Mission: To advance our understanding of the Solar System through the: i) development of cutting-edge analytical techniques; ii) analysis of terrestrial samples and planetary analogs; iii) maturation of pioneering new technologies; and, iv) definition of innovative planetary mission concepts.
Current Research Projects
AROMA: ADVANCED RESOLUTION ORGANIC MOLECULE ANALYZER FOR COMPLETE ORGANIC CHARACTERIZATION
PI: Ricardo Arevalo
By leveraging a heritage linear ion trap mass analyzer, the AROMA instrument reproduces the functionality of the MOMA flight instrument (on the ExoMars rover), but with an extended mass range (up to 2000 Da) and more capable laser (higher energy plus precision attenuation). Equipped with an Orbitrap analyzer adapted for spaceflight, referred to as the CosmOrbitrap by the consortium of French laboratories responsible for its development, the AROMA instrument delivers higher mass resolution and accuracy than any instrument previously flown to date (e.g., the ROSINA time-of-flight mass spectrometer on the Rosetta spacecraft) or baselined for future missions (e.g., MASPEX on the Europa Clipper mission). A breadboard of the system has been built and is currently being tested through the NASA ROSES PICASSO Program.

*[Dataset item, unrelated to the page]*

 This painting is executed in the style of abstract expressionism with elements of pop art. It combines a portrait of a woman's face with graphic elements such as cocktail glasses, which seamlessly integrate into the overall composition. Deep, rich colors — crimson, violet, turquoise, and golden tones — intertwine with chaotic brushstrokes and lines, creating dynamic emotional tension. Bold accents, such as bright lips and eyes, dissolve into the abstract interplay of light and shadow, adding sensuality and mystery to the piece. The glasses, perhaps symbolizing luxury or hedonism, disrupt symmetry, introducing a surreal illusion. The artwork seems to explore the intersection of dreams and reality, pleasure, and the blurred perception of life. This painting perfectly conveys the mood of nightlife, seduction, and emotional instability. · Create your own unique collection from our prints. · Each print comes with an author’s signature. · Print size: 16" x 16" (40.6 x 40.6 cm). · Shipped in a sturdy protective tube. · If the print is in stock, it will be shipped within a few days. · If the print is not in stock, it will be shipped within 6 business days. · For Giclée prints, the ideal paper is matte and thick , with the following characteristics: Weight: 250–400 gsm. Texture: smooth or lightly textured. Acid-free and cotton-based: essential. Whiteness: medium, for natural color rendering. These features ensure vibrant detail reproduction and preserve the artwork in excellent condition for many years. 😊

CRATER: CHARACTERIZATION OF REGOLITH AND TRACE ECONOMIC RESOURCES FOR LUNAR SURFACE EXPLORATION
PI: Ricardo Arevalo
Laser desorption/ablation mass spectrometry, as empowered by the CosmOrbitrap mass analyzer and a pulsed UV laser system, enables the characterization of: mineralogical constitution and inorganic elemental composition of geological samples; distributions, abundances, and diversity of organic compounds; and, economically viable resources. The CosmOrbitrap breadboard instrument in Orléans, France has been shown to detect amino acids and other prebiotic molecules down to pmol-level concentrations while maintaining 3 ppm (or better) mass accuracy, m/Δm > 100,000 (FWHM) mass resolution at m/z 100, and <1% (2σ) isotopic precision. A low SWaP (Size, Weight and Power) advanced prototype that maps to a spaceflight configuration is currently in design through the NASA ROSES DALI Program. Image modified from Arevalo et al. (2018) Rapid Communications.

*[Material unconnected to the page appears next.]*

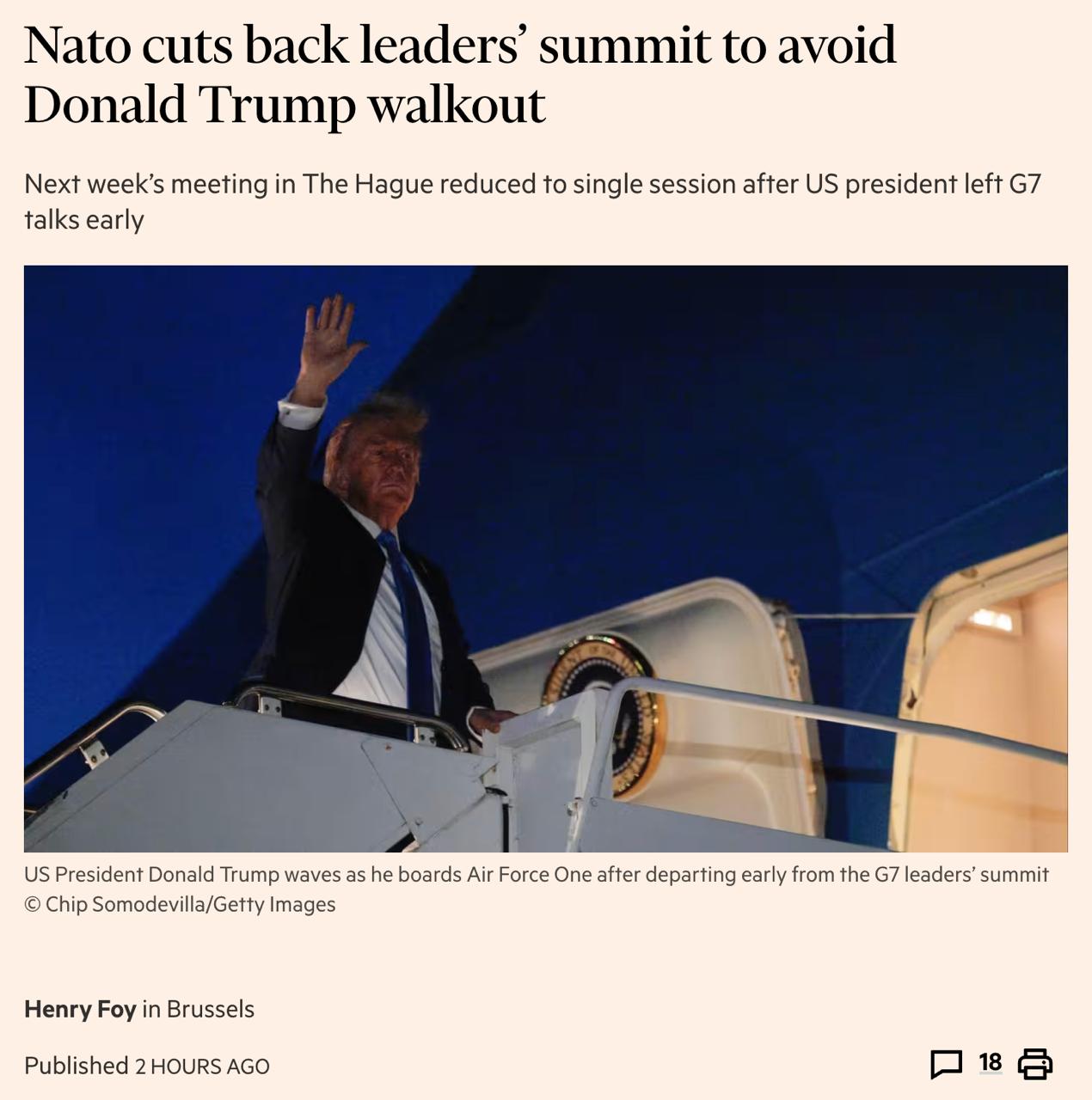 Из-за Трампа саммит НАТО на следующей неделе сократили до одной рабочей сессии длительностью два с половиной часа, чтобы президент США снова не уехал досрочно. Мировые лидеры встретятся в Гааге в рамках саммита Альянса в среду, а Зеленский примет участие в ужине во вторник вечером.

KARLE: POTASSIUM-ARGON LASER EXPERIMENT
PI: Barbara Cohen
Radiometric dating techniques provide the foundation for establishing the absolute timing of formational events in the inner Solar System, including crystallization histories, magmatic evolution, and alteration events. The K-Ar Laser Experiment (KArLE), an in situ investigation that unites a novel combination of several flight-proven components, enables accurate dating of planetary materials and identification of the most compelling samples to cache and/or return to Earth. A system-level engineering brassboard, compatible with a variety of commercial lunar lander platforms, will be built, tested, and qualified for spaceflight through the NASA ROSES DALI Program. Image modified from Cohen et al. (2014) GGR.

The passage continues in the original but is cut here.